第十話
「ヒョーヒョッヒョッヒョッ!」
その声の主はマリコ先輩ではなく、私達『村岡高校』の最大のライバルである、『フェボン女子高校』の”ミッシェル富井”だった。
「ヒョーヒョッヒョッヒョッ! ナナコォ! あんた達呼ばれているわよ。まさか一回戦で敗退なんてことはないでしょうね?」
ミッシェルは私と同じ中学校出身であり、共にキープフィギア部で切磋琢磨した仲である。中学では私の方が成績が良かったため、ミッシェルは私にライバル心を燃やしており、ことあるごとに突っかかってくる、一言で言えば『めんどくさい嫌なヤツ』だ。
「うるさいわね! あっち行ってよ。マリコ先輩さえいれば、あんた達なんかには絶対に負けないんだからね!」
『フェボン女子高』はキープフィギアの名門高であり、前回の全国大会も優勝している。それでも、私は本気で勝てると思っていた。マリコ先輩と、美咲先輩と私の3人なら絶対に勝てると信じていた。3人がそろいさえすれば……。

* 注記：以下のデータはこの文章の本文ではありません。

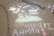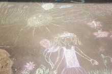В летнем пришкольном оздоровительном лагере "Зорька" был проведен конкурс рисунков на асфальте. Дети рисовали родителей, природу, животных яркими мелками.
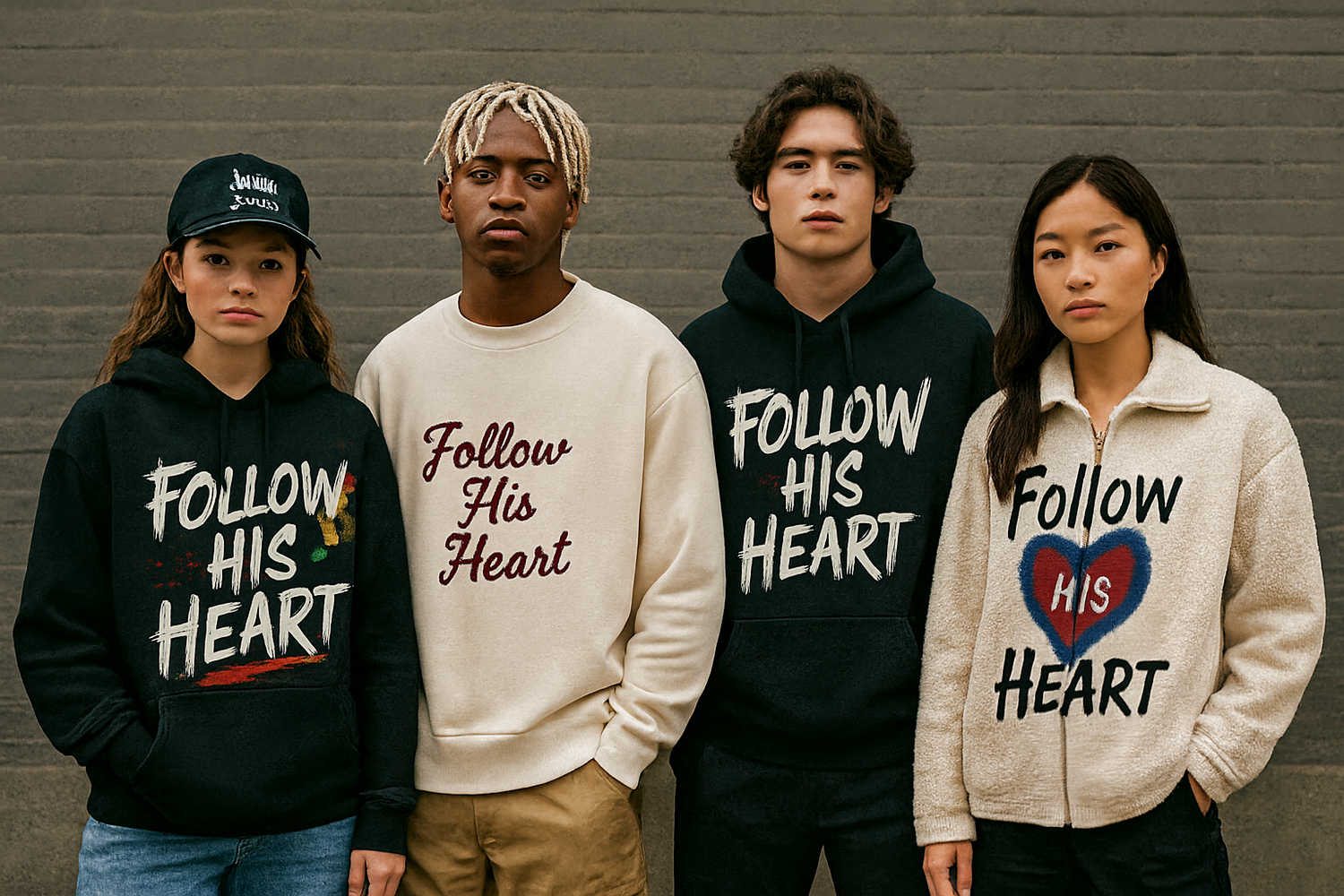 I learned to make clothing the old way — in my parents’ basement, screenprinting tees for punk bands. That same DIY spirit runs through Follow His Heart. We fuse the raw punk rock energy of those early days with the refinement of high-end design, creating pieces that are built to last in meaning and in style.

「ふん! まぁ、あんた達みたいな弱小高なんて最初っから眼中にないわよ。もし、私達『フェボン女子高』と戦いたければ、決勝まで勝ち上がることね。ヒョーヒョッヒョッヒョッ! それじゃ、ごめん遊ばせ。ヒョーヒョッヒョッヒョッ!」
そう言うと、ミッシェル富井は気持ちの悪い笑い声と共に去っていった。
「……ムキー!! ぢぐじょう! ムカつく! ミッシェルのくせに!!!」
私はあまりの悔しさに地団太を踏んだ。『フェボン女子高』を倒して、ミッシェルの鼻を明かしてやりたい! ……でも、マリコ先輩がいなければ勝ち目はない。
「くそぉ……」
私は悔しかった。負けることが悔しいんじゃない。全力で戦えないことが、すごく悔しい。